Premiar a los niños por comer todo: ¿bueno o malo?

Premios o castigos a la comida infantil

Es una costumbre de restaurantes de comida rápida ofrecer regalos de globos, chuches, juguetes o juegos de pintura a los niños. Hasta los restaurantes chinos se han apuntado a esta 'moda' y ofrecen sus productos de bazar a los niños. Así no solo se aseguran de enganchar al consumidor infantil con el sabor de la comida, sino también con el premio. Ambos reclamos satisfacen al mismo tiempo la necesidad paterna de una comida de fin de semana más tranquila por no tener que luchar para que el niño mal comedor se alimente y además, mientras come, está entretenido.

Sumergidos en esta dinámica, mientras los adultos intentamos modificar o reforzar la conducta de nuestros hijos ante la mesa con premios o castigos, los niños hacen lo propio portándose bien, mal o regular a la hora de la comida, en función de si necesitan llamar la atención o desean algún capricho.
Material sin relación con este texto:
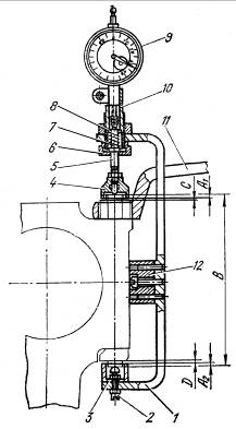Степень затяжки шатунных болтов рекомендуется контролировать величиной их удлинения, которая должна быть в пределах 0,32—0,34 мм от первоначальной длины болта. Для контроля величины удлинения нужно использовать специальное приспособление, показанное на рис. 44.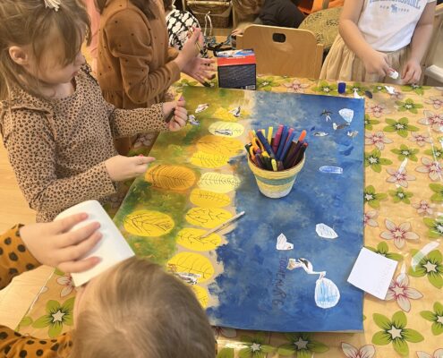 Uurisime Muumide rühma lastega lindude rännet, täpsemalt, kuhu nad talvituma lähevad, mis maad ja riigid on nende sihtkohaks, missuguseid maid nad oma teel läbivad, keda nad oma teel võivad kohata ning missugused ohud neid varitsevad. Loovmänguna mängisime näiteks läbi sookure rännutee. Lindude ja nende rände teema kajastus keele ja kõne, matemaatika, muusika, liikumise, kunsti ning mina ja keskkonna tegevustes.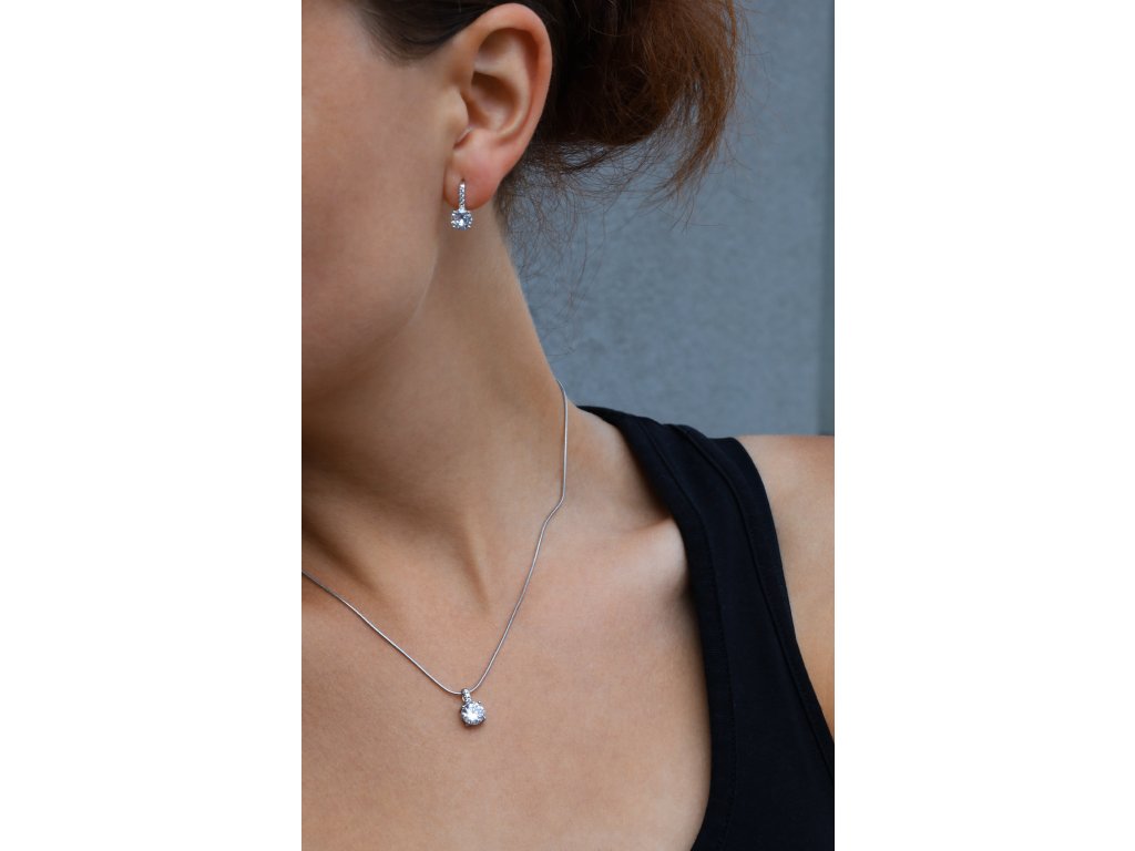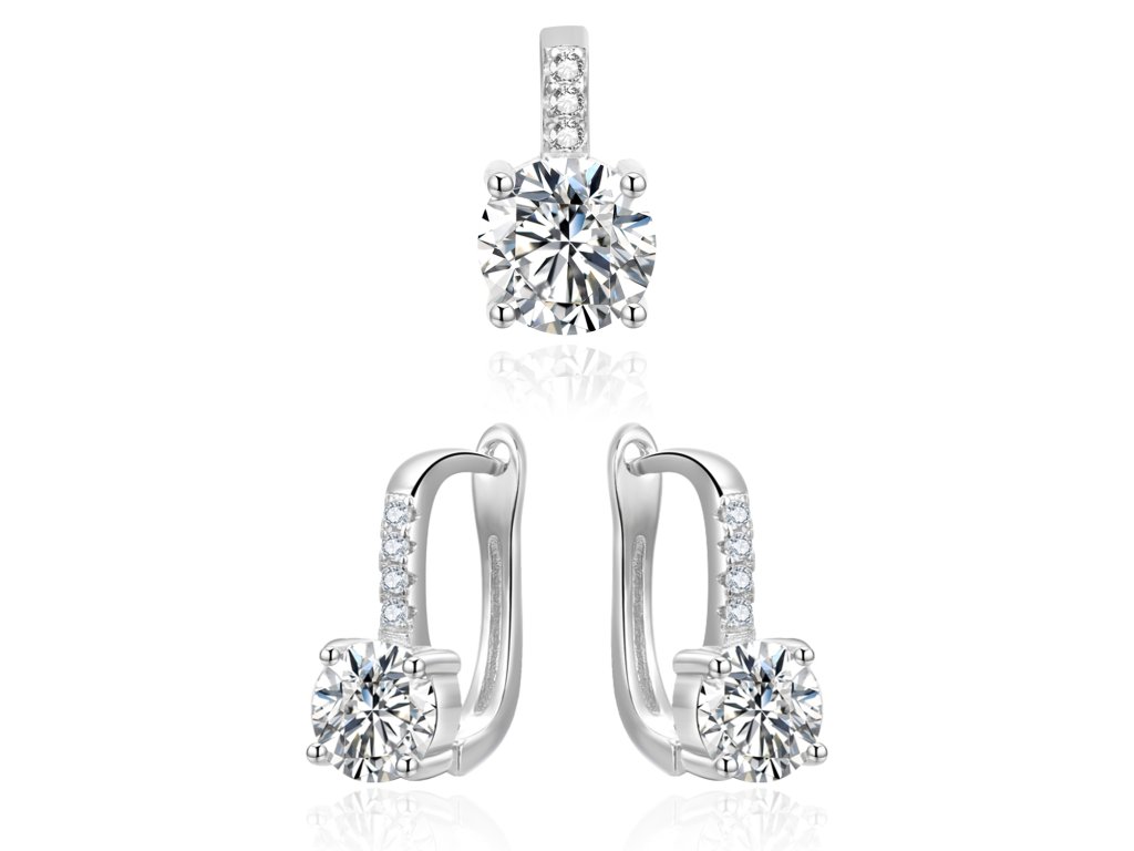 Náušnice jsou opatřeny bezpečným patentovým zapínáním, které zaručuje spolehlivé držení na uchu a snadné nasazování i sundávání. Přívěsek je lehký a elegantní, takže se pohodlně nosí po celý den. Díky kvalitnímu stříbru a precizně osazeným zirkonům si souprava zachová svůj třpyt a krásu i po dlouhodobém nošení. Tento nadčasový set je perfektní pro ženy, které chtějí doplněk vhodný pro každodenní nošení, slavnostní okamžiky nebo jako výjimečný dárek plný elegance.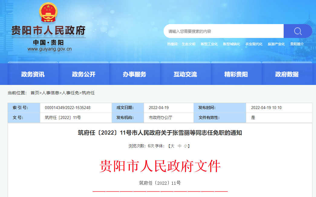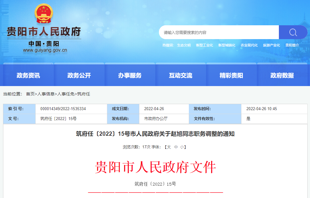 近日,贵阳市人民政府网最新公开了四则人事信息,主要内容如下: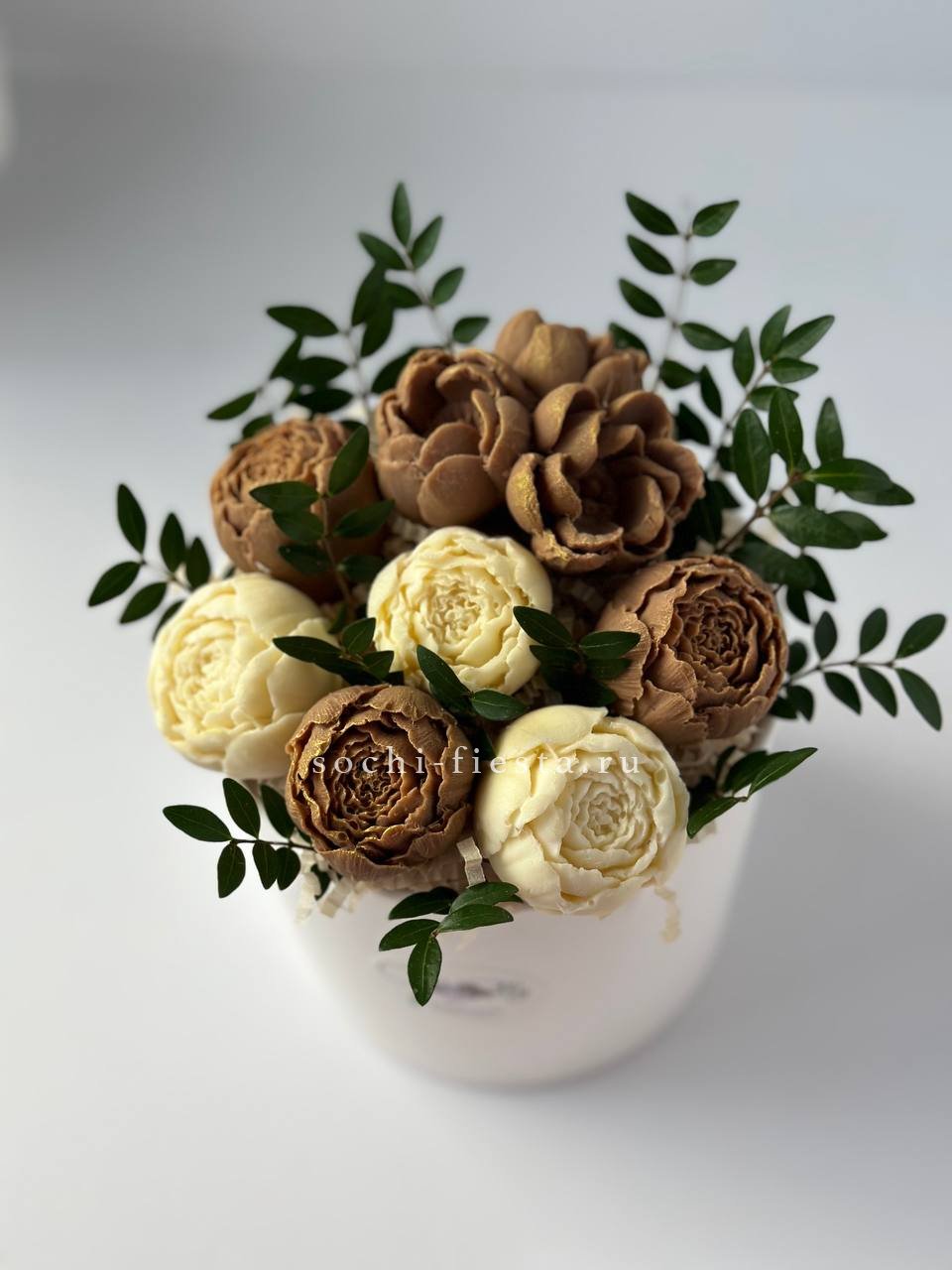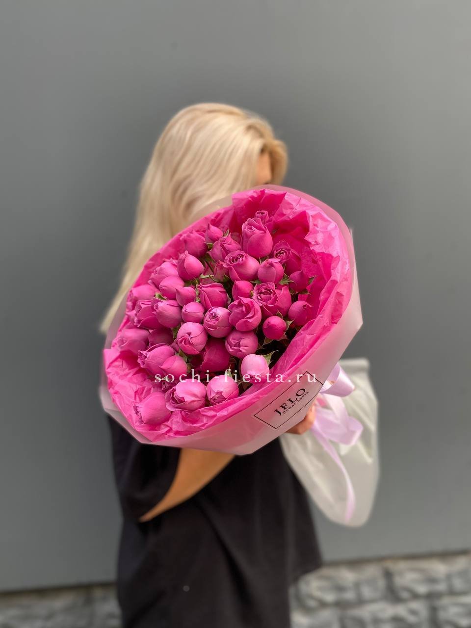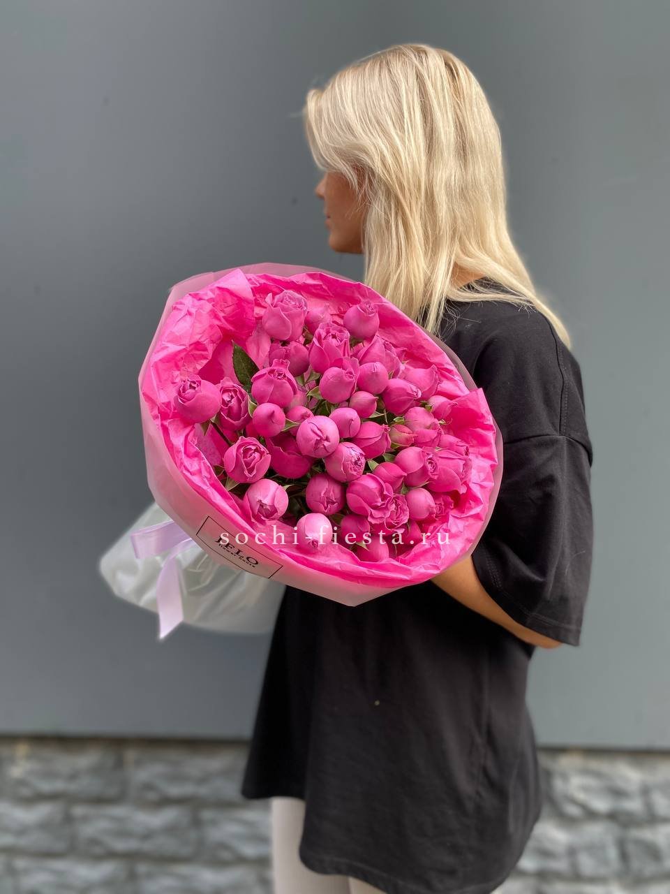 Тринадцать пионовидных роз Мисти Бабблс с плотными многослойными бутонами персиково-кремового тона. Округлая форма букета подходит для подарка без лишних деталей.

Incluso, en casa, también solemos hacer muchas veces que el postre sea un premio por haber comido bien y los helados o dulces se convierten en el reclamo más solicitado.

La comida es una necesidad biológica, que influye directamente en el estado de salud y jugar con ella puede conducir a la familia a situaciones desastrosas. Y es que los premios pueden llegar a perder su valor si los damos con demasiada facilidad. Siempre es más educativo reforzar la conducta positiva que castigar la negativa, pero tampoco se debe premiar constantemente al niño por algo tan vital como la comida.

Los premios tienen que ser merecidos y no tienen porque ser siempre cosas materiales. A mi me han funcionado, también, los planes estupendos para el sábado, los juegos interesantes, las invitaciones de sus amigos del colegio a casa y dedicarles tiempo para practicar con ellos su afición o deporte favorito. Aquí la imaginación no tiene límites. Y no se me olvida nunca el consejo que me dieron una vez: junto con el premio, lo más importante es la actitud de los padres, los besos, los abrazos y el cariño, que les llenan de alegría y orgullo.